Comment 1 Gabe Montero 2018-12-06 17:54:17 UTC
Your yaml most likely is in the wrong format.

Unfortunate that the sdk panics:

/usr/local/go/src/runtime/panic.go:502
/go/src/github.com/openshift/cluster-samples-operator/vendor/github.com/operator-framework/operator-sdk/pkg/util/k8sutil/k8sutil.go:83

Looking at the latest version of the sdk, they no longer call panic on formatting errors like this.  In fact, only their metrics package calls panic on its initialization trying to get its kube client from the in cluster config.

So presumably @Ben this bug could serve as the motivation / argument for upgrading the sdk for this operator.

In the interim, please provide an copy/paste of the yaml you used @XiuJuan and I'll help you correct the formatting to assist your testing.

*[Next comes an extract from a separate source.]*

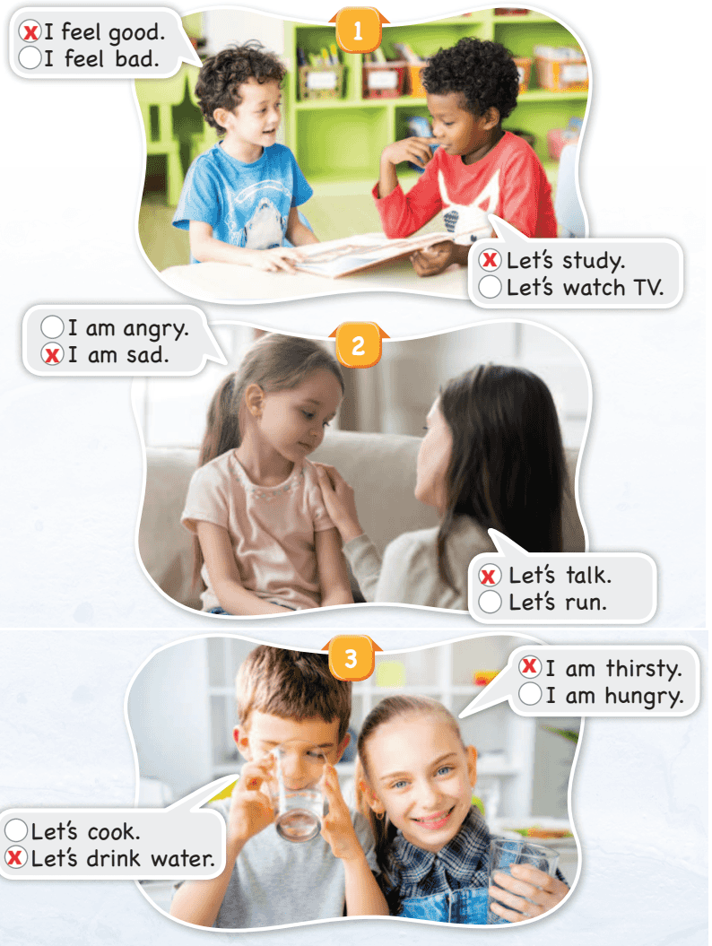 Çeviri: Fotoğraflara bakın. Bir onay işareti ( ) koyun ve söyleyin.

Once we get that sorted out, Ben and I should probably be able to get to a consensus on upgrading the sdk.

Comment 2 XiuJuan Wang 2018-12-07 01:20:22 UTC
Gabe, I know my setting invalid. As my expect result in the comment #0, this invalid setting should be rejected to save in samplesresource, otherwise this bug will happen.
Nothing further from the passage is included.